Work item
Only the lines from the one with "Earth Rugs Wildlife" through the last line of the records below belong in your answer, reproduced exactly and with the pictures left out.

Material to process
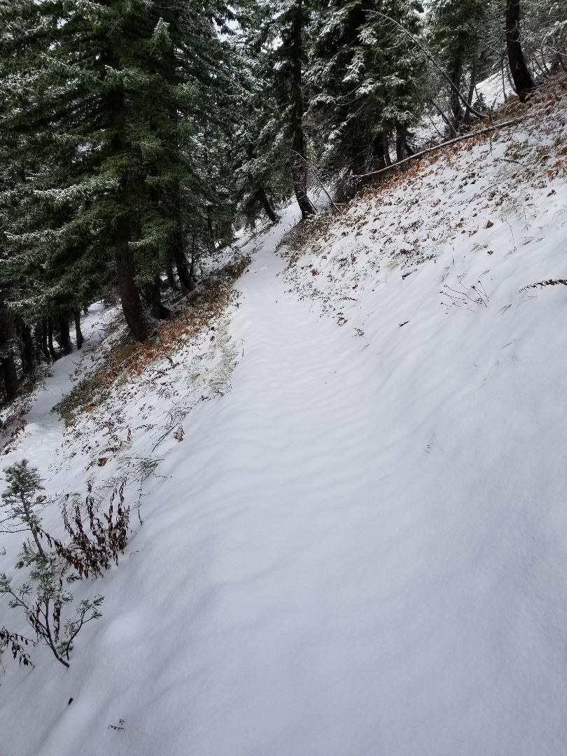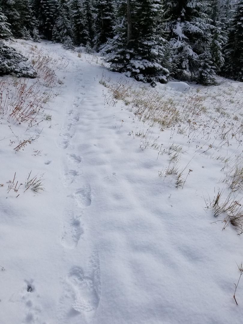 Broke trail, if you could call it that, through 3" of fresh wet snow (4" at higher elevation, 5700"). The trail was still recognizable with a few exception.
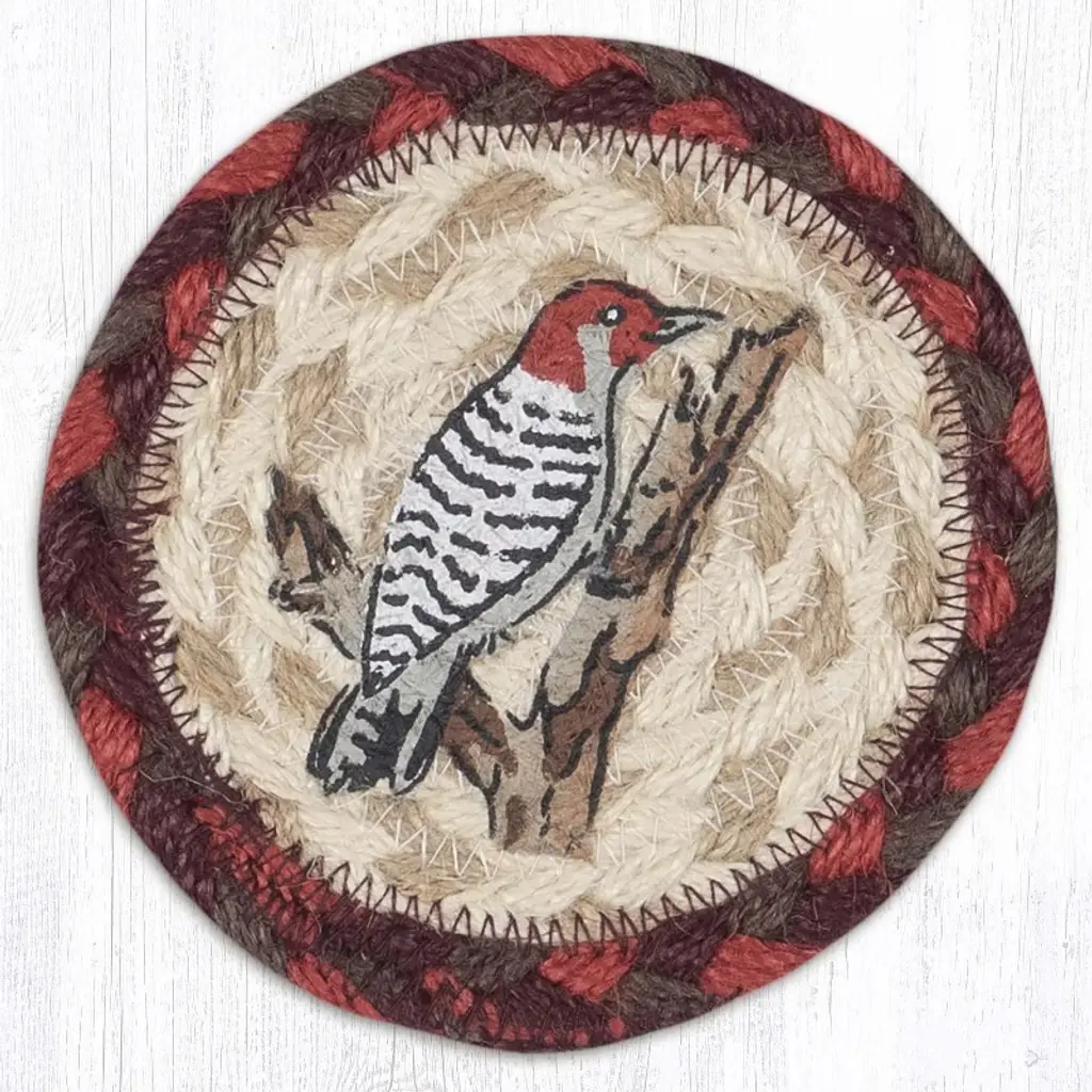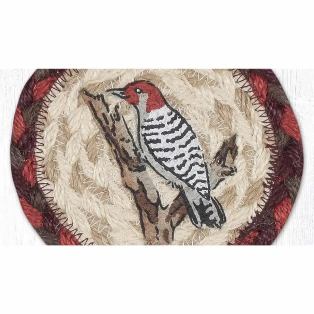 Earth Rugs Wildlife Woodpecker Round Coaster – Braided Natural Jute, Rustic Bird Design, 5"x5"
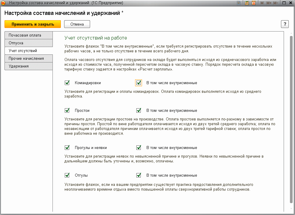 Если в процессе работы выяснится, что не все используемые в организации внутрисменные отсутствия подключены, то можно в меню Настройка -> Расчет зарплаты -> Настройка состава начислений и удержаний
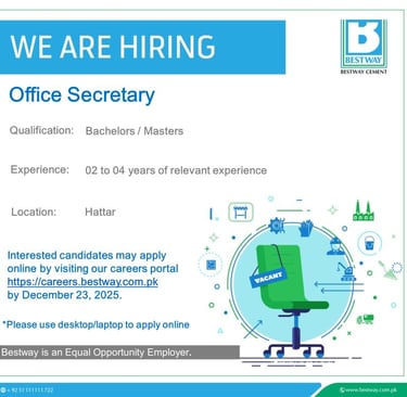 Interested candidates may apply online by visiting our careers portal https://careers.bestway.com.pk by December 23, 2025.
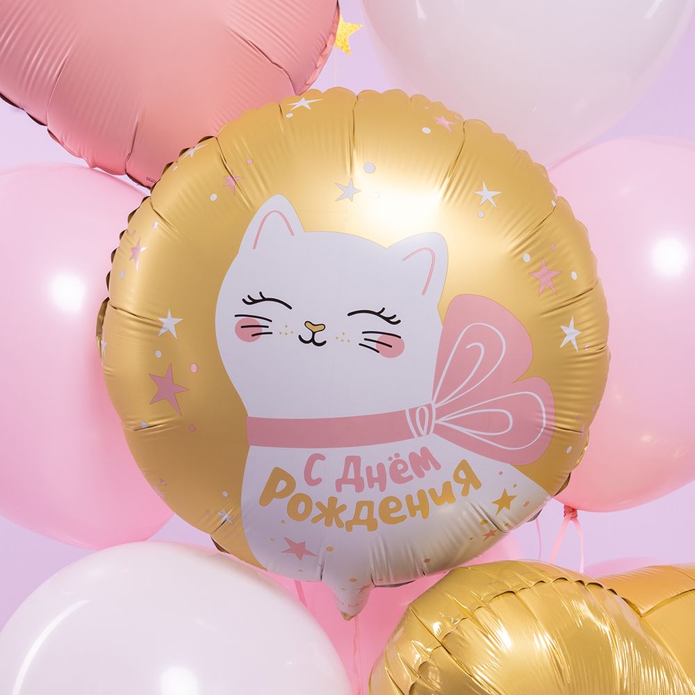 45 см, Круг, Котики, С Днем Рождения!

Result of this exercise
 Earth Rugs Wildlife Woodpecker Round Coaster – Braided Natural Jute, Rustic Bird Design, 5"x5"
 Если в процессе работы выяснится, что не все используемые в организации внутрисменные отсутствия подключены, то можно в меню Настройка -> Расчет зарплаты -> Настройка состава начислений и удержаний
 Interested candidates may apply online by visiting our careers portal https://careers.bestway.com.pk by December 23, 2025.
 45 см, Круг, Котики, С Днем Рождения!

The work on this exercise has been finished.